= Source data =

========================================

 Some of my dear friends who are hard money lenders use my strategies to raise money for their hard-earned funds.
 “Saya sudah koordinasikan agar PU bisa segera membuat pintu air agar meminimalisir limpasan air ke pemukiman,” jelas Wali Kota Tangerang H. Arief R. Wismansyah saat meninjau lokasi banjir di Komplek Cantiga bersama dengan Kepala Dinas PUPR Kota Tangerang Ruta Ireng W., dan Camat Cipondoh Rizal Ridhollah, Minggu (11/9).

========================================

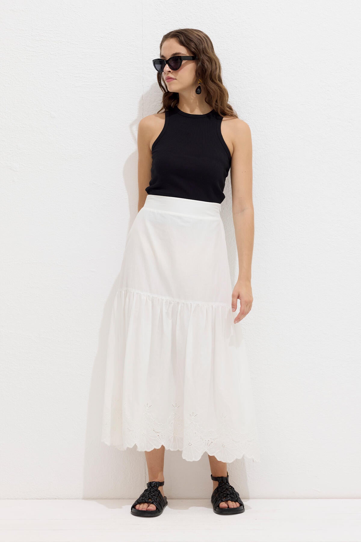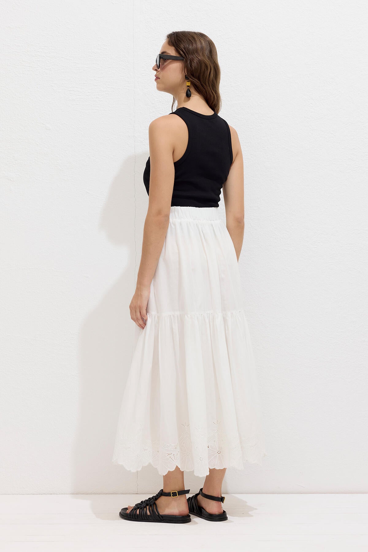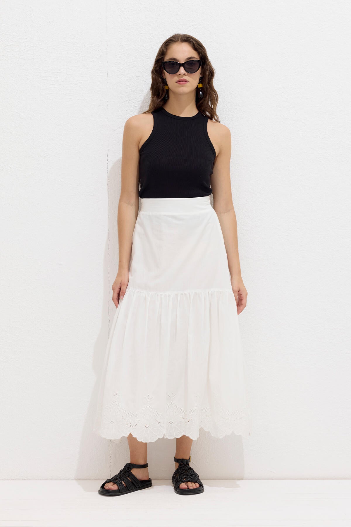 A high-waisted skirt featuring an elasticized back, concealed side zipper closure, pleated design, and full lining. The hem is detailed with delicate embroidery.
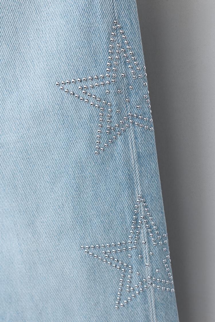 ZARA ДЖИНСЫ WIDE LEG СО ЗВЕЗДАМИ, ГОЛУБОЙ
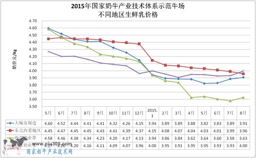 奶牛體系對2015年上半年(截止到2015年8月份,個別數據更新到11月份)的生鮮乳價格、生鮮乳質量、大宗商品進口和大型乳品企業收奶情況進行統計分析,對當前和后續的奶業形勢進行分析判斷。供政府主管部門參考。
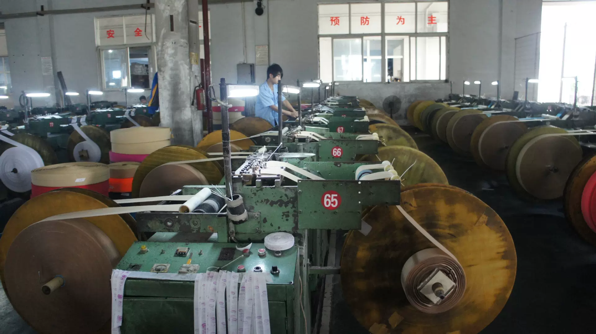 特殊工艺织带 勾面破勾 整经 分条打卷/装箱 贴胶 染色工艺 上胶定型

========================================

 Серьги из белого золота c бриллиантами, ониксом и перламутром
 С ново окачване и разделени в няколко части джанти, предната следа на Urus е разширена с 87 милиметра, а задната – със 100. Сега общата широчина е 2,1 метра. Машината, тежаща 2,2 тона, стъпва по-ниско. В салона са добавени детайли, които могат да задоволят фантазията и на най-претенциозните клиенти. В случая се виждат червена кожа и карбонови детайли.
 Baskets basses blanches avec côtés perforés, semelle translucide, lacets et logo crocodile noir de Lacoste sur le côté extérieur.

========================================

Scan the records above for the lines holding "С ново окачване" and "Baskets basses blanches". Transcribe those two and every line between them word for word, and no others.

 С ново окачване и разделени в няколко части джанти, предната следа на Urus е разширена с 87 милиметра, а задната – със 100. Сега общата широчина е 2,1 метра. Машината, тежаща 2,2 тона, стъпва по-ниско. В салона са добавени детайли, които могат да задоволят фантазията и на най-претенциозните клиенти. В случая се виждат червена кожа и карбонови детайли.
 Baskets basses blanches avec côtés perforés, semelle translucide, lacets et logo crocodile noir de Lacoste sur le côté extérieur.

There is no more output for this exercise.